* _Exercise details_
The result should be the lines from the one holding "Figura 18 - Untitled #468" to the end of the records below, repeated exactly. No pictures.

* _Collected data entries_
^^^^^^^^^^^^^^^^
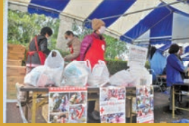
人権・行政・日赤
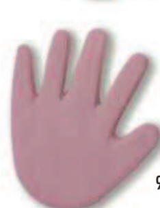
9054 Rot Pink
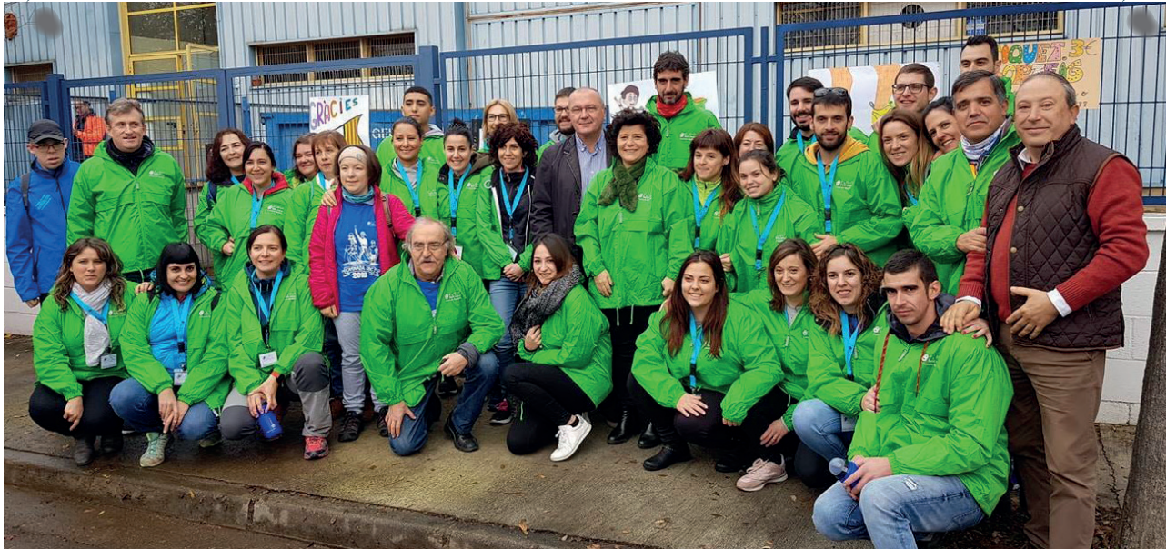
Primera caminada solidària del Taller Baix Camp
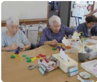
機能訓練はいろいろなメニューをご用意しています。
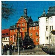
Kurstadt Bad Mergentheim
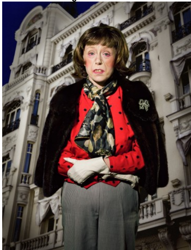
Figura 18 - Untitled #468
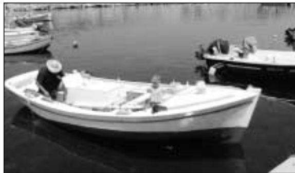
Την τράτα λέν ΠΟΡΔΙΤΣΑ, τη σκούνα ΤΣΙΡΙΓΩΤΗ, ΠΟΥΤ..... τη μαούνα, τη θάρκα ΒΑΡΒΙΤΣΙΩΤΗ!
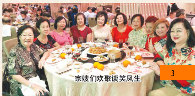
宗嫂们欢聚谈笑风生
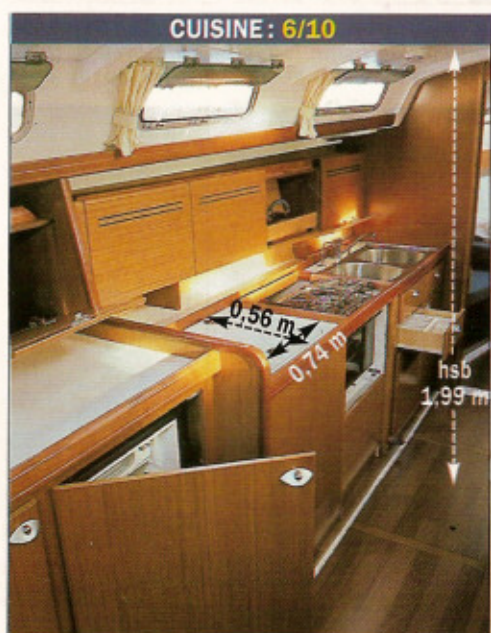
CUISINE : 6/10

style (pas de bois au plafond) et donne un intérieur moins compassé... Mais pas d'ébénisterie figlée ! La banquette centrale se déplace pour libérer le passage vers l'avant. A droite, la table à cartes dispose d'un siège confortable.
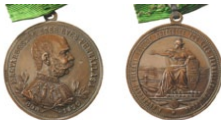
Doppia commemorazione in una medaglia ungherese: i 200 anni dell'associazione cittadina e i 1000 anni di regno ungherese

In tempi di guerra sono state prodotte molte medaglie vendute per sovvenzionare le finanze dei reparti bellici. Queste medaglie, vennero prodotte e vendute sul mercato con o senza scatoletta. Le prime avevano un costo dalle 6 alle 8 corone, quelle con scatola potevano raggiungere le 12 corone a seconda della finezza del materiale e della confezione.
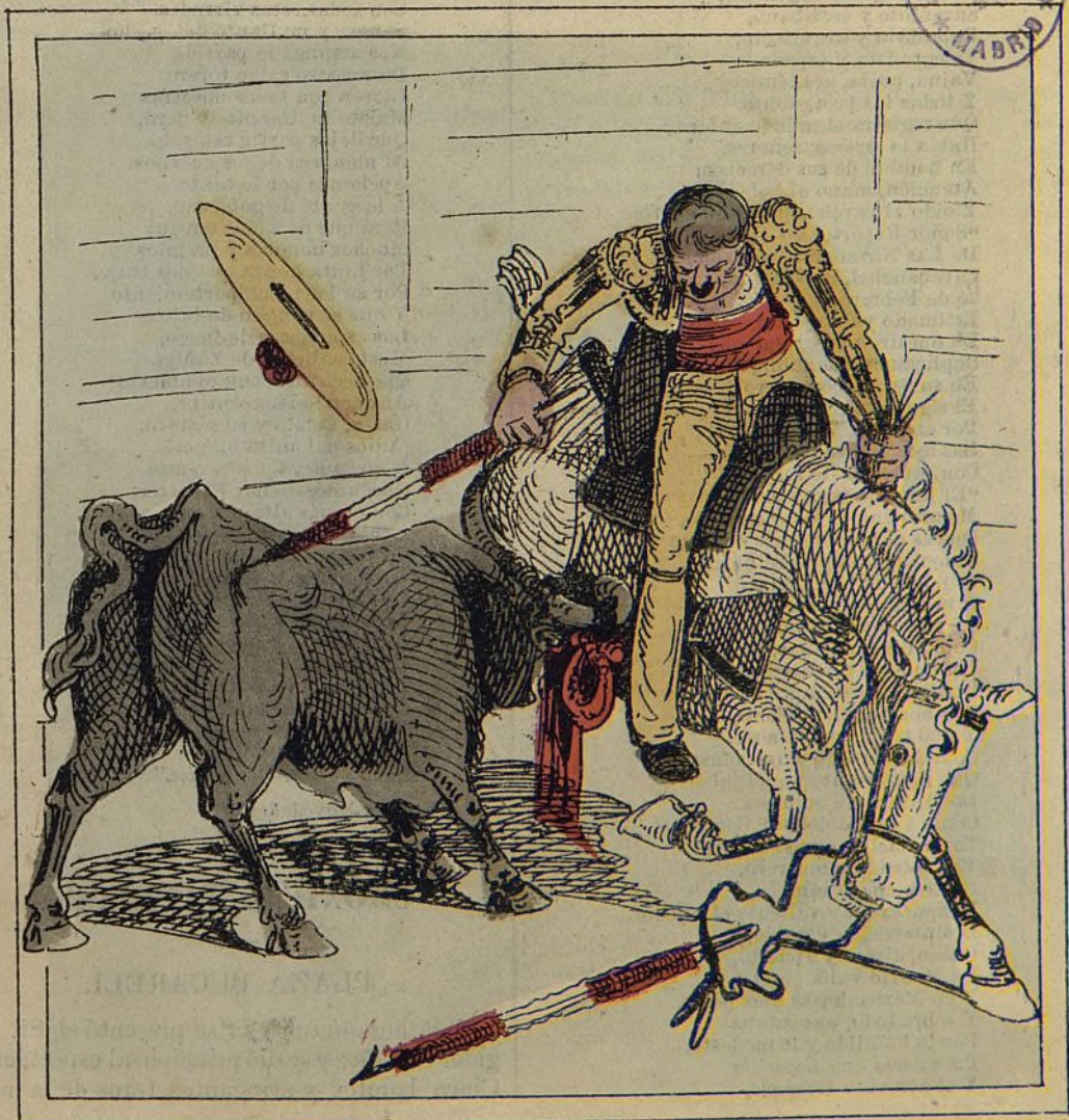
Un charro (P) de nuevo cuño banderillando á caballo,
^^^^^^^^^^^^^^^^
* _Result of this exercise_
Figura 18 - Untitled #468
Την τράτα λέν ΠΟΡΔΙΤΣΑ, τη σκούνα ΤΣΙΡΙΓΩΤΗ, ΠΟΥΤ..... τη μαούνα, τη θάρκα ΒΑΡΒΙΤΣΙΩΤΗ!
宗嫂们欢聚谈笑风生
CUISINE : 6/10

style (pas de bois au plafond) et donne un intérieur moins compassé... Mais pas d'ébénisterie figlée ! La banquette centrale se déplace pour libérer le passage vers l'avant. A droite, la table à cartes dispose d'un siège confortable.
Doppia commemorazione in una medaglia ungherese: i 200 anni dell'associazione cittadina e i 1000 anni di regno ungherese

In tempi di guerra sono state prodotte molte medaglie vendute per sovvenzionare le finanze dei reparti bellici. Queste medaglie, vennero prodotte e vendute sul mercato con o senza scatoletta. Le prime avevano un costo dalle 6 alle 8 corone, quelle con scatola potevano raggiungere le 12 corone a seconda della finezza del materiale e della confezione.
Un charro (P) de nuevo cuño banderillando á caballo,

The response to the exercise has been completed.